Stop Alzheimer attribue un montant record de 5,05 millions d’euros à 23 projets de recherche sur la maladie d’Alzheimer et autres troubles cognitifs
Stop Alzheimer – la Fondation pour la Recherche sur la Maladie d’Alzheimer – a remis ses bourses de recherche lors d’une cérémonie à Louvain.
Au total, 5.050.000 € ont été attribués à 23 projets belges fondamentaux et cliniques, sélectionnés pour leur excellence scientifique et leur potentiel à transformer le diagnostic et le traitement de la maladie d’Alzheimer et d’autres troubles cognitifs.
Cette édition marque un record historique pour la fondation et met avant tout en lumière celles et ceux qui font avancer la science : les chercheuses et chercheurs.
« Derrière chaque projet, il y a des équipes qui consacrent des années de leur vie à comprendre ce qui se passe dans le cerveau, pour offrir de l’espoir aux patients et à leurs familles », explique Joost Martens, directeur de Stop Alzheimer. « Ces recherches ne sont pas abstraites : elles auront un impact concret sur la prise en charge des troubles cognitifs dans les années à venir. »

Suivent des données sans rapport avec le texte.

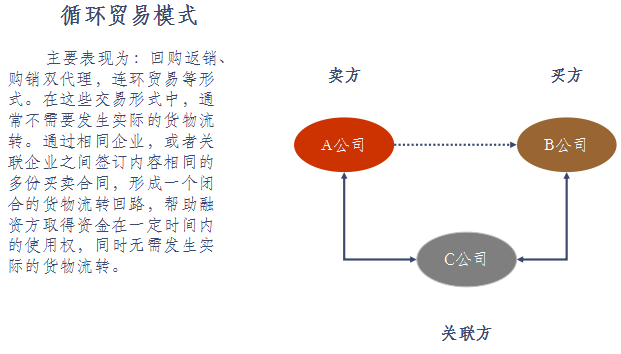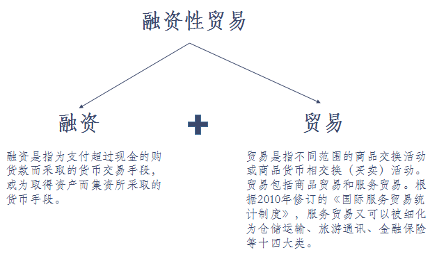 融资性贸易,是指参与贸易的各方主体在商品及服务的价值交换过程中,依托货权、应收帐款等财产权益,综合运用各种贸易手段和金融工具,实现短期融资或信用增持目的,增加贸易主体的现金流量。因此,融资性贸易本质上应基于真实的贸易关系,并通过在贸易各个环节中金融工具的运用,为促成贸易而进行融资,是“贸易+融资”的组合,并非简单的贸易行为或是单纯的融资服务。
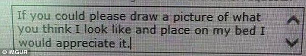 В следующей гостинице он попросил персонал отеля немного пофантазировать и попросил "если сможете, не могли бы вы нарисовать картинку того, как я по-вашему выгляжу, и положить мне на кровать, буду признателен".
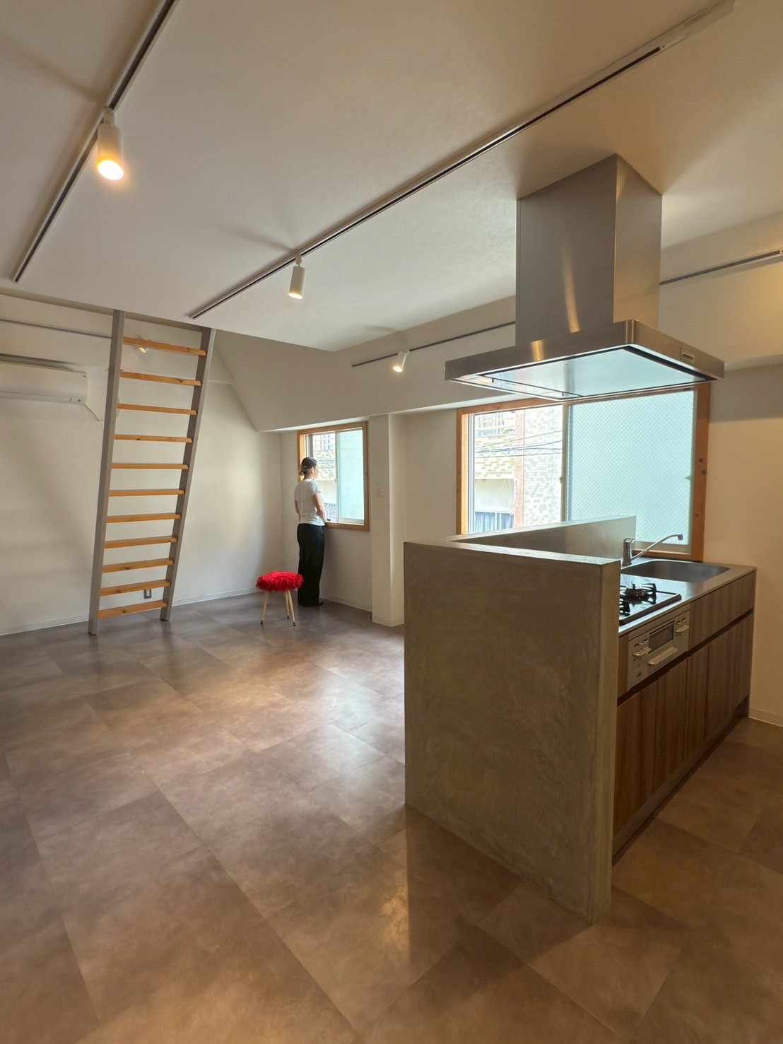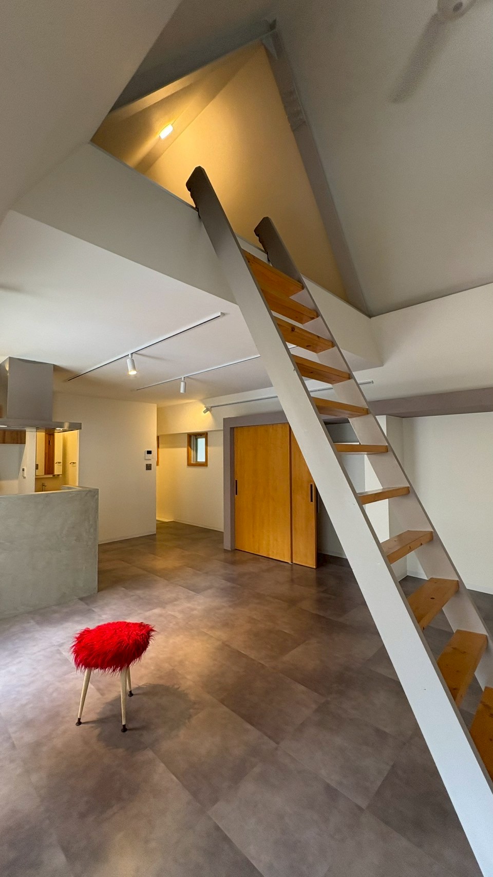 室内は約45㎡+ロフト約30㎡の、奥行きある立体構成で、

Une étape historique pour la recherche
Pour Caroline Gennez, ministre du Bien-Être, de la Lutte contre la Pauvreté, de la Culture et de l’Égalité des Chances au sein du gouvernement flamand, présente lors de la cérémonie, cette attribution constitue une avancée majeure :
« En alliant recherche fondamentale et recherche clinique, nous accomplissons des avancées majeures vers un avenir où la démence sera non seulement mieux prise en charge, mais peut-être même prévenue », affirme Gennez.
La recherche francophone à l’honneur
Plusieurs projets lauréats sont portés par des universités francophones, notamment l’Université de Liège, l’UCLouvain, l’ULB et l’Université de Mons.
Focus sur l’Université de Liège : Le sommeil protège-t-il le cerveau contre Alzheimer ?
Christina Schmidt & Marieke Hoekstra
Ce projet, soutenu par la Fondation Stop Alzheimer à hauteur de 300.000 €, explore le rôle protecteur du sommeil sur le cerveau. Les chercheuses se concentrent sur le refroidissement cérébral naturel qui se produit pendant le sommeil et sur son lien avec l’accumulation de protéines toxiques, amyloïde et tau, caractéristiques de la maladie d’Alzheimer. L’objectif est de mieux comprendre ces mécanismes afin de développer de nouvelles stratégies de prévention non médicamenteuses pour ralentir l’évolution de la maladie.
D’autres projets francophones majeurs
- Pourquoi le cerveau n’élimine-t-il plus ses déchets ? (Evgenios Kornaropoulos – Université de Liège)
- Un test pour détecter Alzheimer avant les premiers symptômes (Jeremy Gardette – Université de Liège)
- Observer le “nettoyage” du cerveau pendant le sommeil (Mikhail Zubkov – Université de Liège)
- Le lien entre les mécanismes neuronaux, le comportement alimentaire et la cognition sociale (Pegah Masrori – UCLouvain – Cliniques universitaires Saint-Luc)
- Bloquer la protéine tau pour ralentir Alzheimer (Karelle Leroy – Université Libre de Bruxelles)
- Réduire l’inflammation cérébrale pour freiner Alzheimer (Carmen Burtea – Université de Mons)
Une sélection rigoureuse
Les projets ont été sélectionnés après une évaluation internationale indépendante, sur base de leur qualité scientifique et leur potentiel d’impact pour les patients et leurs proches. Ces projets illustrent la force, la diversité et l’excellence internationale de la recherche belge francophone dans la lutte contre les maladies neurodégénératives.